Now before we go any further, let me say this: You don’t need to say “no” to every request. For example, you probably don’t want to say no to many of the requests coming from your immediate family members. However, maybe you just don’t have time to help your cousin move or drive your friend to the airport. And maybe you don’t have time to cover for a co-worker at work. These are the cases where you need to say no.
As such, the first thing you need to do when you get a request is to determine the priority of this request. That is, how important is it to you? If it comes from an immediate family member (such as a child), it’s probably a high priority for you too.

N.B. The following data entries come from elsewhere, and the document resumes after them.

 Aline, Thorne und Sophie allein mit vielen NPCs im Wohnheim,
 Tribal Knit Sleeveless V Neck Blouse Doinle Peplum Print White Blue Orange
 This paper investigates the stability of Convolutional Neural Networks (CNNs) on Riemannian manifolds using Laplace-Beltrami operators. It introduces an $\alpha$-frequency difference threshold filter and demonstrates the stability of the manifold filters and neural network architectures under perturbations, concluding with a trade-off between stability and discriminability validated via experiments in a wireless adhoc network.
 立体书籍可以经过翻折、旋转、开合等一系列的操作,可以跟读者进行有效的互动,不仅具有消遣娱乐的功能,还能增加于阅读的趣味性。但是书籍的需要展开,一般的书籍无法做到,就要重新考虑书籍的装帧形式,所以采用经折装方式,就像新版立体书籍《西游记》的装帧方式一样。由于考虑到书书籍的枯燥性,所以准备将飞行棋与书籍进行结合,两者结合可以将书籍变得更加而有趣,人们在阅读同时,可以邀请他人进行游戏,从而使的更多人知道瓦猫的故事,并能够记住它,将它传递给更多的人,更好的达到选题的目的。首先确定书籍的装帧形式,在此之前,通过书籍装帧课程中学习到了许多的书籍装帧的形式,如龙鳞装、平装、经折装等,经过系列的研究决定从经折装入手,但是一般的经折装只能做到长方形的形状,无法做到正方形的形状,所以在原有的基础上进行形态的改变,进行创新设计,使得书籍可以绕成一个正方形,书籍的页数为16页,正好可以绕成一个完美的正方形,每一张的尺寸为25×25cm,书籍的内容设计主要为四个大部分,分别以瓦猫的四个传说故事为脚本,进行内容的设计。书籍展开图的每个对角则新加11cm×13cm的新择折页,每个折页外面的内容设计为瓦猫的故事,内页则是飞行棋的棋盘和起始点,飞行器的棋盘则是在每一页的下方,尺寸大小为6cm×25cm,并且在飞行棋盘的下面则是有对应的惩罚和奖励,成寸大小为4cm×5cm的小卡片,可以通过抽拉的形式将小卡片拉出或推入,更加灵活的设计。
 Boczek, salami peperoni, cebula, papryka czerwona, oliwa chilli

You can handle the request yourself or ask another family member if they’re able to do it for you.
At other times you’re going to get requests from friends, family and co-workers that you don’t rate as particularly important to you. These items may be important to the person who’s asking. Indeed, you may even feel a little guilty if you say no, especially if you know this request is pretty important to the other person.

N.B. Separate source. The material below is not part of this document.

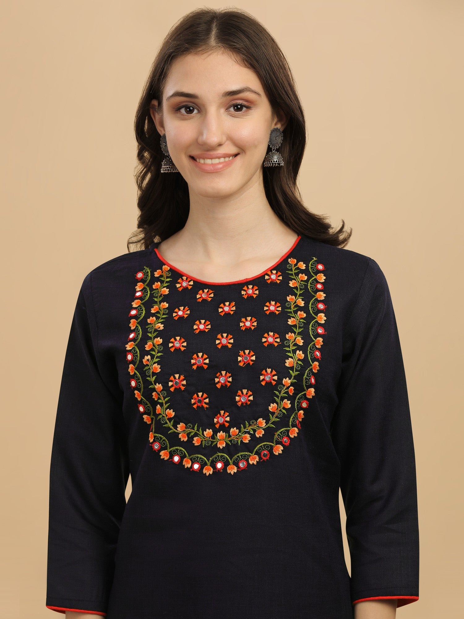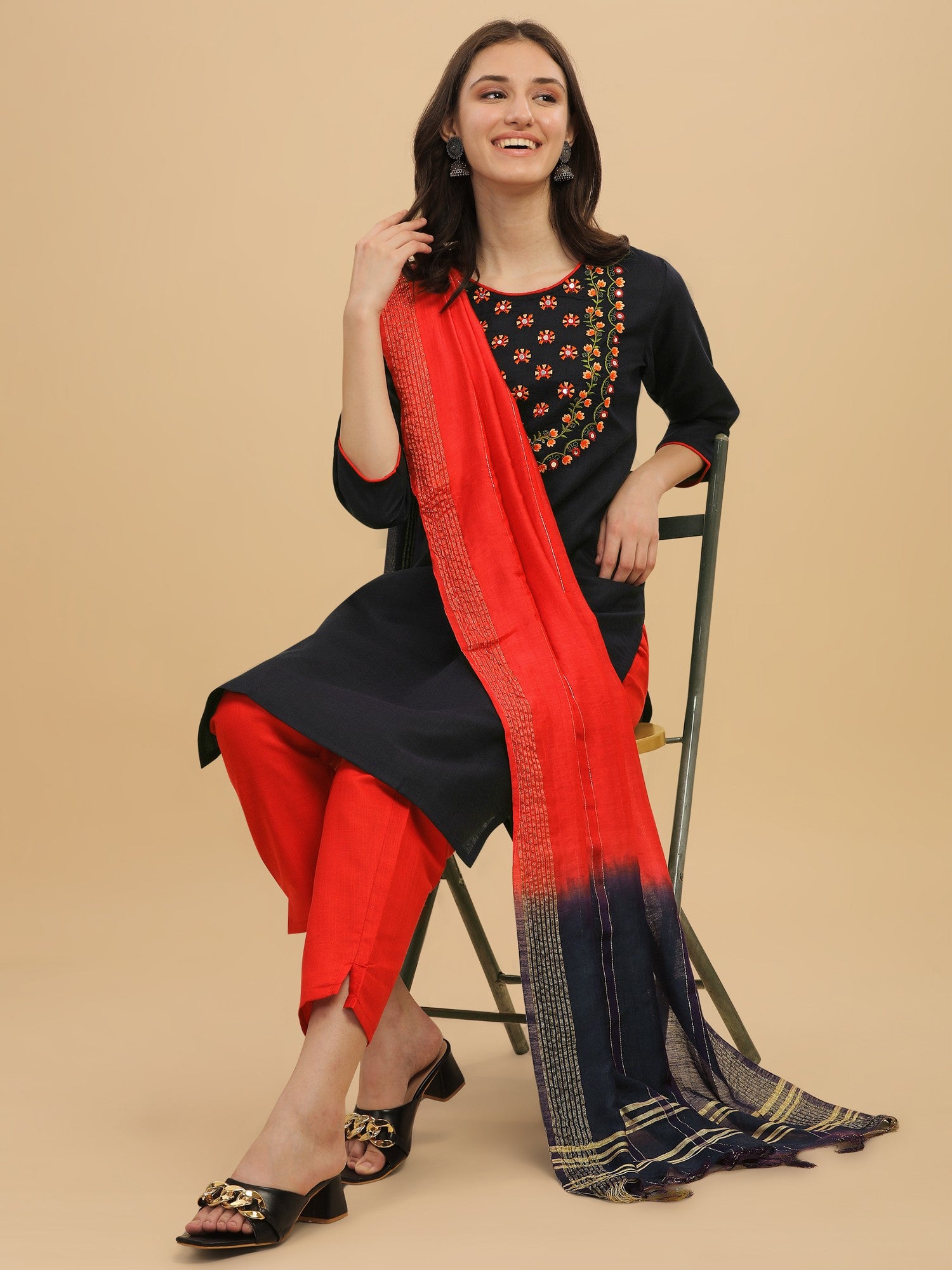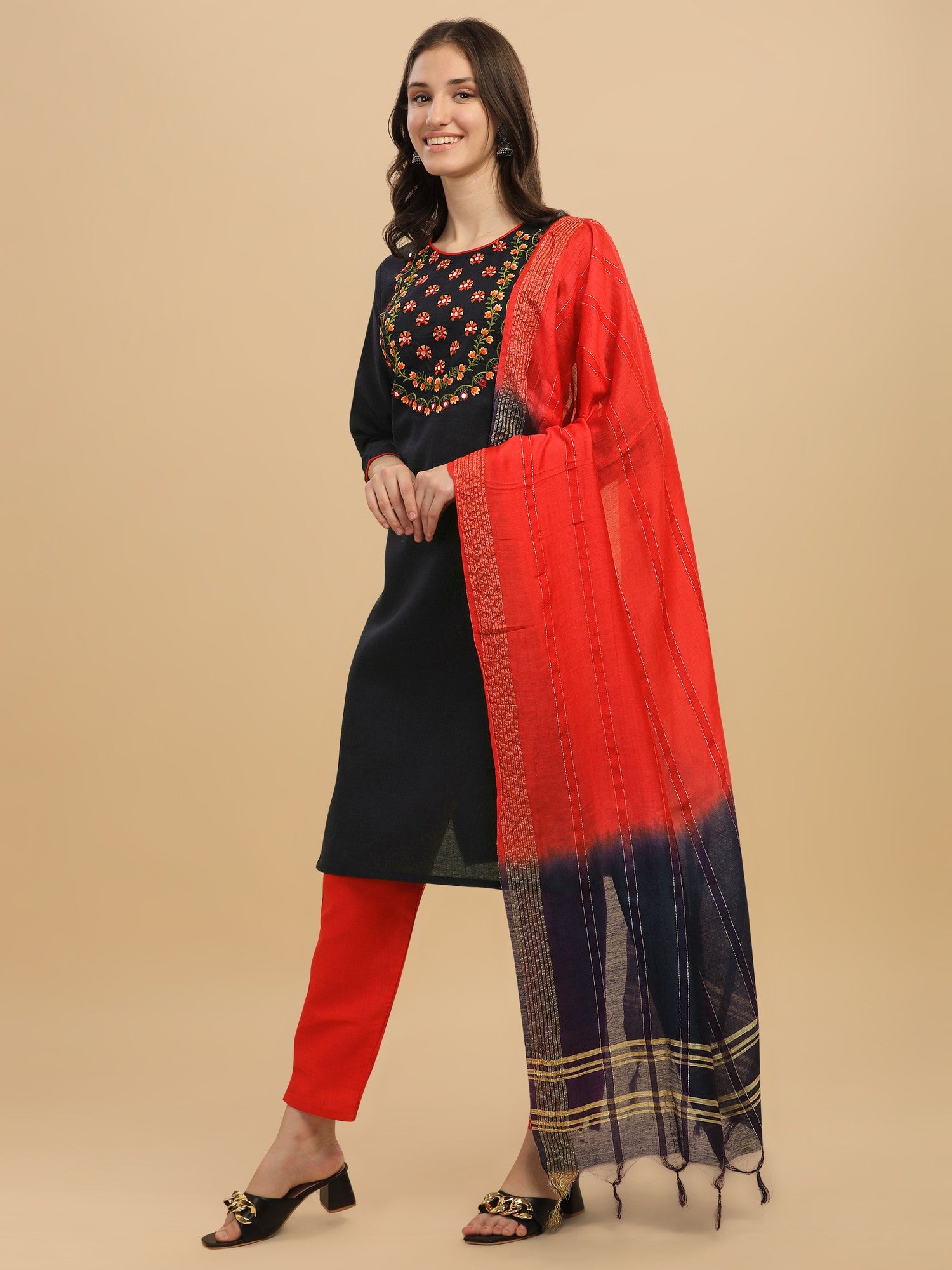 Blue Colour Slub Cotton Embroidery Casual Wear Kurta Pant Dupatta Set For Women's

But remember this: Your goals are pretty important too. If you respond affirmatively to every request that people make of you, then you’re basically saying that everyone has activities going on in their lives that are more important than your own. That’s because if you say yes to everything, you’re going to run out of time to work on your own goals and to-do list. And that’s not fair either.
Maybe you’re a people pleaser. Maybe you’re the type who hates to say no because you feel bad. If so, keep these tips in mind the next time you need to say no:
- Someone else’s lack of planning shouldn’t become your emergency. In other words, it’s not your responsibility to clean up other people’s mistakes. It’s not up to you to drop everything just because someone else planned poorly.

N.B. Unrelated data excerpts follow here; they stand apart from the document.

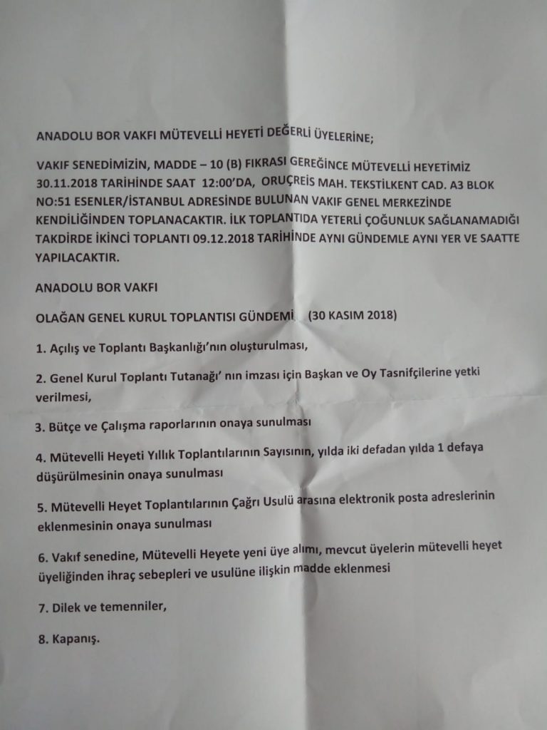 Anadolu Bor Vakfı Mütevelli Heyeti Değerli Üyelerine;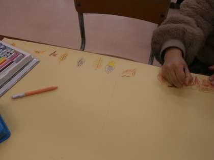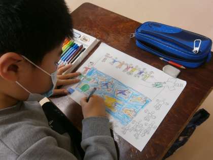 この1年間を思い出して、季節ごとの絵を作りました。学習したことやみんなで集合写真を撮ったときのことを描きました。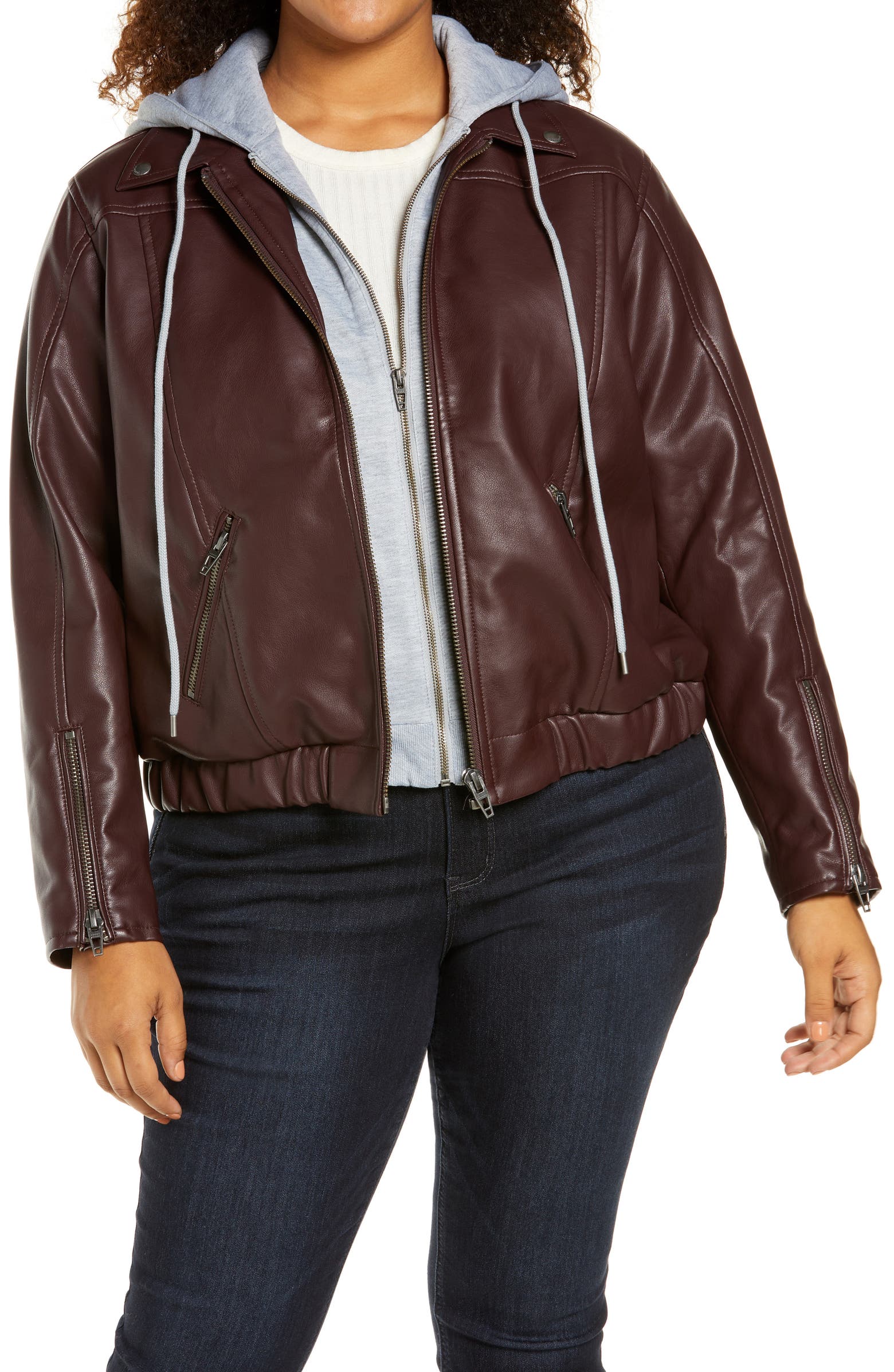 BLANKNYC Faux Leather Bomber Jacket with Removable Hood, $, available at Nordstrom

- Beware of those who try to manipulate you. Some people will try to make you feel guilty for not doing what they want. If someone is trying to emotionally manipulate or blackmail you, that’s a sign that this person really isn’t that good of a friend.
- You don’t need to explain yourself. If someone asks you to do something, simply say, “I’m sorry, but I’m unable to do that for you.” You don’t need to give a reason why, as offering a reason just gives the other person something to argue about.
Bottom line: When you get requests that you do not want to handle or cannot handle without some sacrifice, just say no. If you feel bad or guilty, just remember that your goals are just as important as the other person’s goals, so you need to take care of yours first. It’s all about priorities.